Sheffield’s funniest club confessions

Brace yourself, it doesn’t get much worse than this

| UPDATED

Let’s face it, we’ve all had ‘one of those nights’.

We’ve got hold of a few of your club confessions…and they’re not pretty.

Regret

1) My dinner wanted to join the party at Tuesday Club.

Third year Business and Hispanic Studies student

“One night, the heat, loud music and concoction of various alcohols in my body really got the better of me in Tuesday Club.

“Suddenly, I felt an almighty warmth rising from the bottom of my stomach. ‘I’m going to be sick, I told myself.

“Things escalated quickly. ‘Stay here you can keep it down’ instantly changed to ‘where the f*** are the toilets’. As I tried with all my might to burst through the crowd and find the nearest toilet, i quickly realised it was too late.

“A circle of horrified faces had formed a metre radius around me as my own vomit gushed out of my mouth.

“In a quick attempt to save myself, I crafted my dress into a makeshift bowl beneath my mouth, revealing my all and the entirety of my projectile to the rest of Foundry and Fusion.”

Tuesday Club

2) My Halloween nightmare.

What a bloody nightmare

Second year Journalism student

“I was so excited for my first Halloween at uni, and I’m never one to do things half-heartedly. So as the night arrived, I painted my face a ghostly white and squirted fake blood all over myself.

“With no time for pre-drinks, the drinks were flowing as soon as we arrived at Plug.

“Upon our return back inside from the smoking area, I jumped on my (evidently smaller than me) flatmate, sending us careering onto the sticky nightclub floor.

“Somehow, I managed to smash my face on the edge of the stage on my way down. I started laughing, simply to avoid to the tears.

“My flatmates face however, wasn’t laughing. It was one of shock, confusion, stifled laughter and horror. My hands were instantly covered in blood, and I felt it trickling down my face and neck.

“With the alcohol and goriness getting the better of me, I burst into tears as my friend escorted me to Plug’s medical room.

“Naturally, my friend reasoned that taking Snapchats of my misfortune was more worthwhile than actually nursing me.

“With blood still gushing, we were then told we were too drunk to be in the club, and i was consequently escorted out,and left bleeding on the street.”

3) Two vodka lemonades and a new pair of underwear please.

“Can anyone smell piss?”

Heather, second year Dentistry student

“I’d never been to DQ before and wanted to find out what all the fuss was about. A few hours in and the night was going well… until they decided to set off an indoor firework of confetti.

“I’d never had a weak bladder before, and I’m fairly sure i don’t have a family history of it- but this was the night that everything changed.

“The firework went off with such a bang that I literally wet myself.

“I instantly felt it creep down my leg and although I tried to hide it, it was impossible.

“Weirdly, but luckily, my friend gave me her underwear as I was wearing a skirt.

“It’s fair to say I definitely wasn’t getting any that night.”

4) Poo did it?

The scene of the crime

Matt, third year medic

“So it was our first ever flat party and we invited everyone we knew.  Our  8 person Derwent flat was filled with at least 50 people, sweaty bodies spilling out from almost every room.

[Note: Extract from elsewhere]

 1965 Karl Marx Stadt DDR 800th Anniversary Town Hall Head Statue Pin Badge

“Good music blaring, drinks flowing and everyone having fun, we all started to smell something… something not right. It was only until about half an hour later that I realised.

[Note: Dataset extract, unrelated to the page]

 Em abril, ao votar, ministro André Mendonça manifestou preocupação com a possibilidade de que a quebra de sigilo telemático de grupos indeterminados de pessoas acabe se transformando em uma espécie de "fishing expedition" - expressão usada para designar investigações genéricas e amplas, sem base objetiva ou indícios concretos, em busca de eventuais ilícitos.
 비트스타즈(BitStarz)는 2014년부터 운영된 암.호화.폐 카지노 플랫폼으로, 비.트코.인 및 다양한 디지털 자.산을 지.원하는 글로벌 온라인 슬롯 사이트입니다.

“A poo. A human poo in the corner of the room.

“In a state of disbelief I informed my other flatmates, who then had to shut off the music to get everyone’s attention.

“Obviously our party guests were as horrified as we were, and consequently our flat emptied out in a grand total of about 2 minutes.

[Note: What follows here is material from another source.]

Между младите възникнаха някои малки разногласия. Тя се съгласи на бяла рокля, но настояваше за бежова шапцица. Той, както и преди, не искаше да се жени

“That was nearly 2 years ago, and to this day we have no idea who did it.”

5) Last night a DJ saved my life

“Somebody, help me”

David, second year Politics student

“It was my first trip to Corp and I thought I was ready. I’d heard about the rainbow challenge and was thoroughly excited at the prospect of trying it.

“We got to Corp and it was everything I had expected, but worse.

“As the night went on and the rainbow challenged progressed, I got more and more drunk. I’d just made it to the upstairs room but the floor was that slippy, I literally fell like a sack of shit straight onto it.

“I whacked my head on the floor, but thought nothing of it, so like a true trooper,  got straight back up and carried on dancing.

“I started to feel dizzy though, so i stumbled up to the DJ booth in a drunken search for help. He seemed concerned, and ended up sitting me down and nursing me back to health with an ice pack.

“I felt as good as new and continued throwing my shapes on the dance floor.”